== Task goal ==
Begin your copy at the line with "新款露营推车可折叠户外手推野餐车便携营地拖车拉杆小拉车野营车" in the records below and end it at the line with "for every trip!", restating each line word for word; omit the pictures.

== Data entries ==

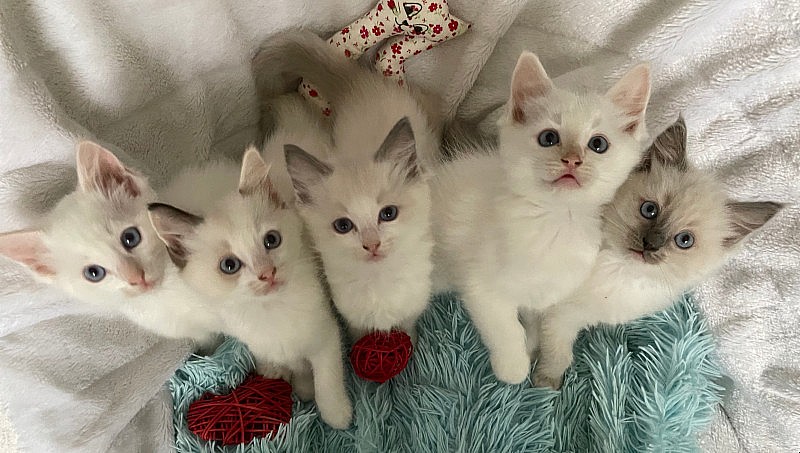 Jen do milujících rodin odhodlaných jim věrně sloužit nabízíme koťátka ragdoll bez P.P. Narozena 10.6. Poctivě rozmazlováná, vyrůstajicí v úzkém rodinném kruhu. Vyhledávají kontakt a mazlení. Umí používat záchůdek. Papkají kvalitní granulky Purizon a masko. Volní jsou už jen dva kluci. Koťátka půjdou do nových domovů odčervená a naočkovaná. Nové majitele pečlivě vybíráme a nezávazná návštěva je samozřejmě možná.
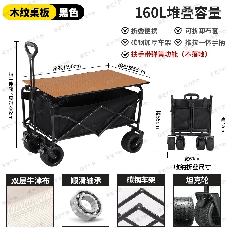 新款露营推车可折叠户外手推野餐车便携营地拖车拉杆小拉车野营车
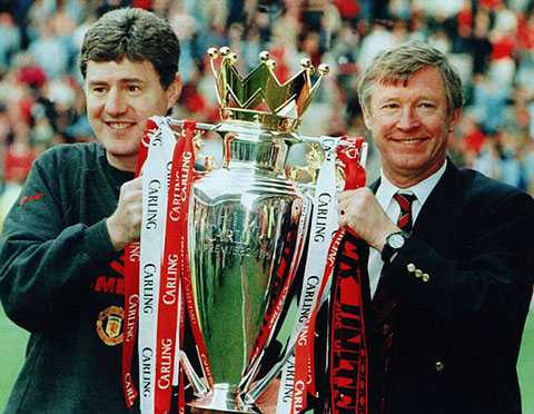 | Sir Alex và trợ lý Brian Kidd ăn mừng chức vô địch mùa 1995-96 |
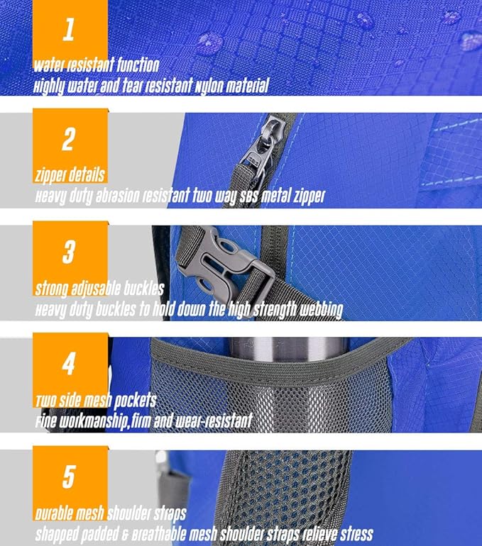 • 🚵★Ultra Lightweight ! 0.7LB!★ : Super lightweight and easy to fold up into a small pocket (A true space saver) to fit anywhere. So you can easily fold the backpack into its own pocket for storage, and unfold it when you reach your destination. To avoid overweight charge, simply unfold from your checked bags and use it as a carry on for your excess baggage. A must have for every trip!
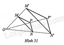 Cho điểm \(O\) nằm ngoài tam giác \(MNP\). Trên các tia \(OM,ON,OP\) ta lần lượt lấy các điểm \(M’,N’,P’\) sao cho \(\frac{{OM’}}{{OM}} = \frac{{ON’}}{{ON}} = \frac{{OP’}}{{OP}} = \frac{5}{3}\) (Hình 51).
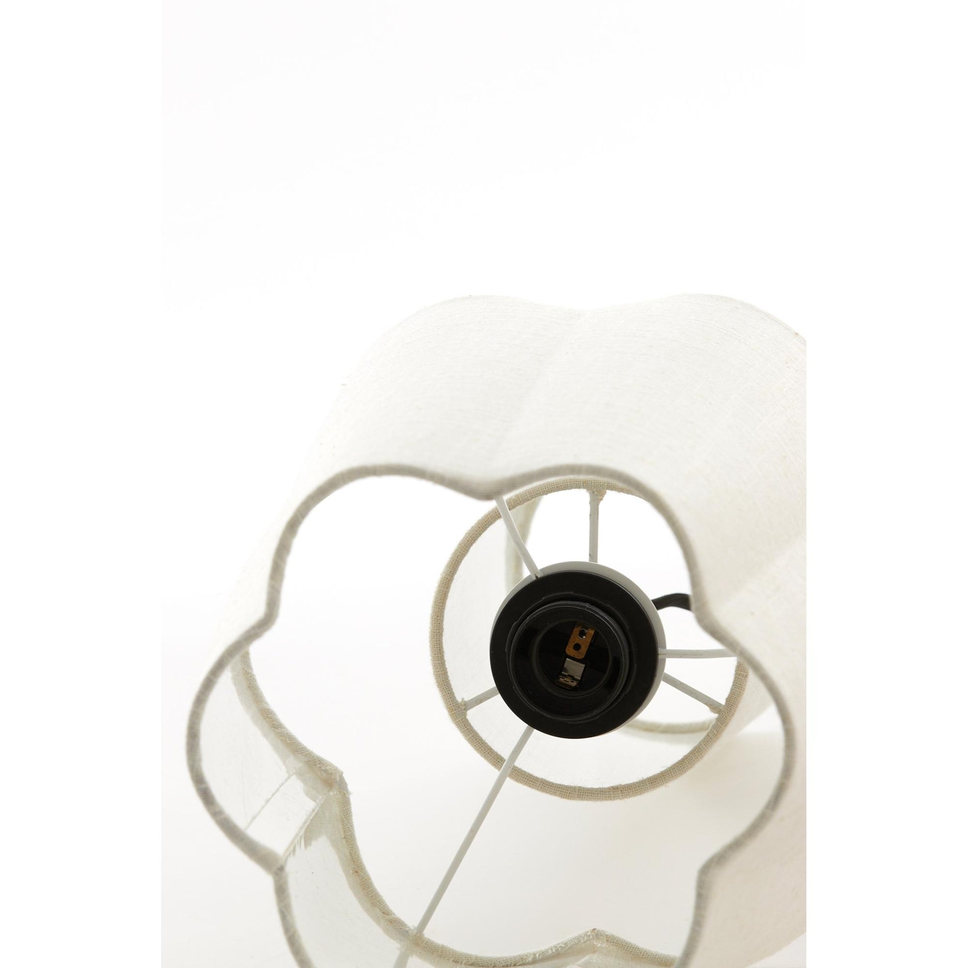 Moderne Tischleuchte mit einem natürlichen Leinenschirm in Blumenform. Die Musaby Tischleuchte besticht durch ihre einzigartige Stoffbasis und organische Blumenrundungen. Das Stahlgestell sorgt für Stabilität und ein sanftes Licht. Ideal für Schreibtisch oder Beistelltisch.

== Exercise response ==
 新款露营推车可折叠户外手推野餐车便携营地拖车拉杆小拉车野营车
 | Sir Alex và trợ lý Brian Kidd ăn mừng chức vô địch mùa 1995-96 |
 • 🚵★Ultra Lightweight ! 0.7LB!★ : Super lightweight and easy to fold up into a small pocket (A true space saver) to fit anywhere. So you can easily fold the backpack into its own pocket for storage, and unfold it when you reach your destination. To avoid overweight charge, simply unfold from your checked bags and use it as a carry on for your excess baggage. A must have for every trip!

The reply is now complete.